Task objective: Print the data that follows word for word, leaving out any picture.

Information supplied:
■ ■ ■ ■ ■ ■ ■
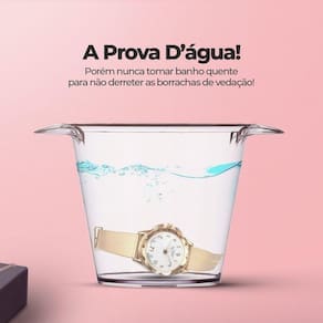 - Relógio Analógico à Prova D\'água: Cor Dourada e pulseira em silicone ajustável para garantir um ajuste confortável.
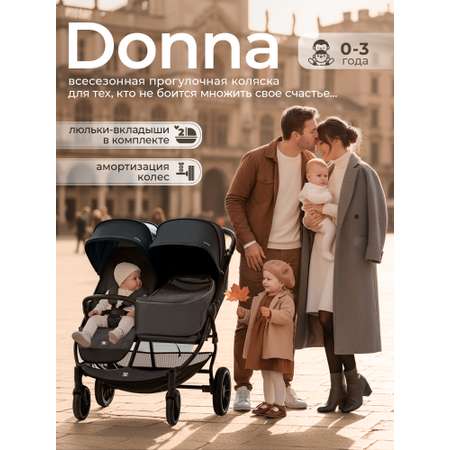 Цена на Коляска прогулочная для двойни Sweet Baby Donna Grey серый - 37129 ₽.
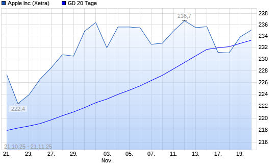 Mit dem Rücksetzer auf 230,90 EUR hat die Apple-Aktie am 20.11.2025 die 20-Tage-Linie nach unten gekreuzt.
■ ■ ■ ■ ■ ■ ■
Answer box:
 - Relógio Analógico à Prova D\'água: Cor Dourada e pulseira em silicone ajustável para garantir um ajuste confortável.
 Цена на Коляска прогулочная для двойни Sweet Baby Donna Grey серый - 37129 ₽.
 Mit dem Rücksetzer auf 230,90 EUR hat die Apple-Aktie am 20.11.2025 die 20-Tage-Linie nach unten gekreuzt.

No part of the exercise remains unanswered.